━━━━━ Material supplied ━━━━━

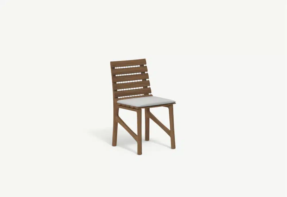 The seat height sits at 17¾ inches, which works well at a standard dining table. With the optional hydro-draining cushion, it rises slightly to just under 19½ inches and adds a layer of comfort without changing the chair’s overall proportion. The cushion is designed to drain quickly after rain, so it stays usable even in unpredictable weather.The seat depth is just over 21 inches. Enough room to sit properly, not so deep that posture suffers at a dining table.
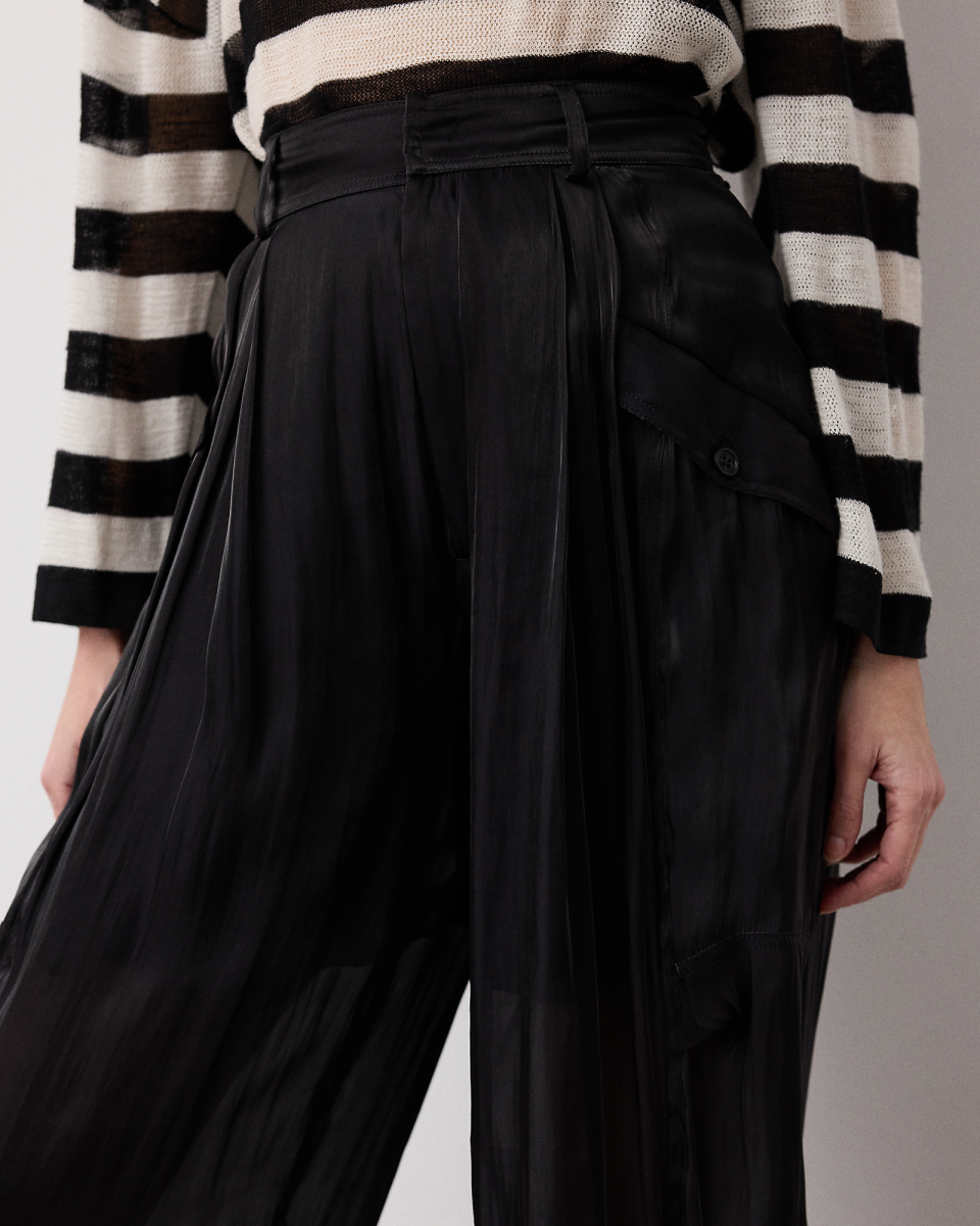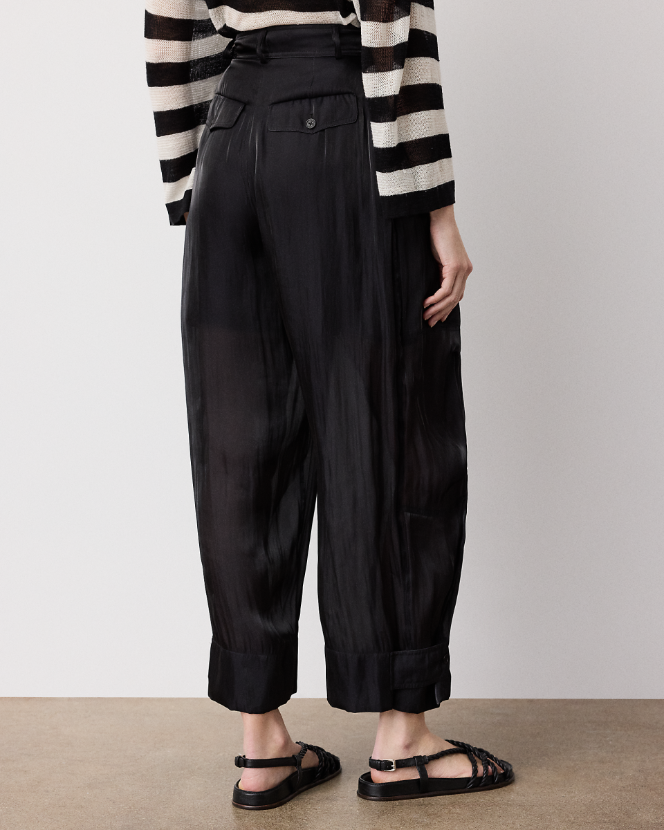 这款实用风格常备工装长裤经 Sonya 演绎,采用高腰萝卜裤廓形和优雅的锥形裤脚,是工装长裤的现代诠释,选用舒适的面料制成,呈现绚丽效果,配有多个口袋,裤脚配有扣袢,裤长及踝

━━━━━
━━━━━ Material supplied ━━━━━

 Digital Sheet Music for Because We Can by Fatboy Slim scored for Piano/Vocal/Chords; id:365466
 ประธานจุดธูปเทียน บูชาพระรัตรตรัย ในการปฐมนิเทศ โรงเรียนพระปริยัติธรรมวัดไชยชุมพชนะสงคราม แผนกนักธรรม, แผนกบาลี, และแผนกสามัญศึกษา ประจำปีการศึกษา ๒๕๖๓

━━━━━

Proceeding from the line containing "Digital Sheet Music" through the line containing "ประธานจุดธูปเทียน บูชาพระรัตรตรัย ในการปฐมนิเทศ", transcribe the lines above exactly, both end lines included.

 Digital Sheet Music for Because We Can by Fatboy Slim scored for Piano/Vocal/Chords; id:365466
 ประธานจุดธูปเทียน บูชาพระรัตรตรัย ในการปฐมนิเทศ โรงเรียนพระปริยัติธรรมวัดไชยชุมพชนะสงคราม แผนกนักธรรม, แผนกบาลี, และแผนกสามัญศึกษา ประจำปีการศึกษา ๒๕๖๓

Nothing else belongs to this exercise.